ECLI:NL:CRVB:2018:2817
Centrale Raad van Beroep
- Hoger beroep
- Rechtspraak.nl
Verrekening van proceskosten en griffierecht door de Sociale verzekeringsbank op basis van artikel 60a PW
Op 18 september 2018 heeft de Centrale Raad van Beroep uitspraak gedaan in een hoger beroep tegen de uitspraak van de rechtbank Rotterdam van 20 maart 2017. De zaak betreft een geschil tussen appellante, vertegenwoordigd door mr. M.J. Hüsen, en de Raad van bestuur van de Sociale verzekeringsbank (Svb). De Svb had de proceskosten en het griffierecht van appellante verrekend met openstaande schulden op basis van artikel 60a van de Participatiewet (PW).
De rechtbank had eerder het beroep van appellante tegen het besluit van de Svb ongegrond verklaard.
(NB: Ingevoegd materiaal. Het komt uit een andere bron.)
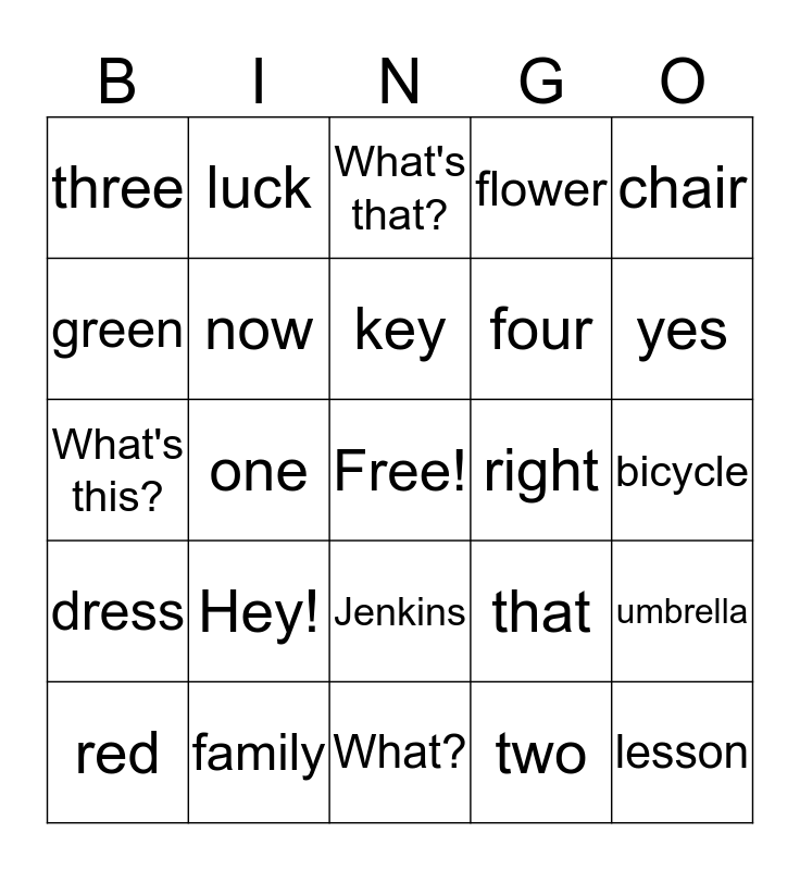 This bingo card has a free space and 49 words: listening, lesson, green, What?, Hey!, good, luck, wheel, green, OK, now, flower, umbrella, that, grey, bird, key, right, silver, chair, one, two, three, four, table, yes, red, pencil, Jenkins, dress, desk, umbrella, nephew, camera, family, black, Karen, and, bicycle, colour, What colour?, white, an, dress, What's this?, What's that?, Whose is it?, What colour is it? and now.

De Svb stelde dat hij bevoegd was om de proceskosten en het griffierecht te verrekenen, ook in het geval van een toevoeging. De rechtbank oordeelde dat de kostenvergoeding aan de rechtsbijstandverlener dient te worden betaald, maar dat de belanghebbende aanspraak maakt op de kostenvergoeding. Dit leidde tot de conclusie dat de Svb de kostenvergoeding kon verrekenen met de openstaande vordering op appellante.
In hoger beroep herhaalde appellante haar eerdere gronden, maar de Raad oordeelde dat de rechtbank gemotiveerd op deze gronden was ingegaan en dat appellante geen nieuwe redenen had aangevoerd. De Raad bevestigde de eerdere uitspraak van de rechtbank en wees het verzoek om schadevergoeding af. De beslissing werd openbaar uitgesproken door A.B.J. van der Ham, met A.M. Pasmans als griffier.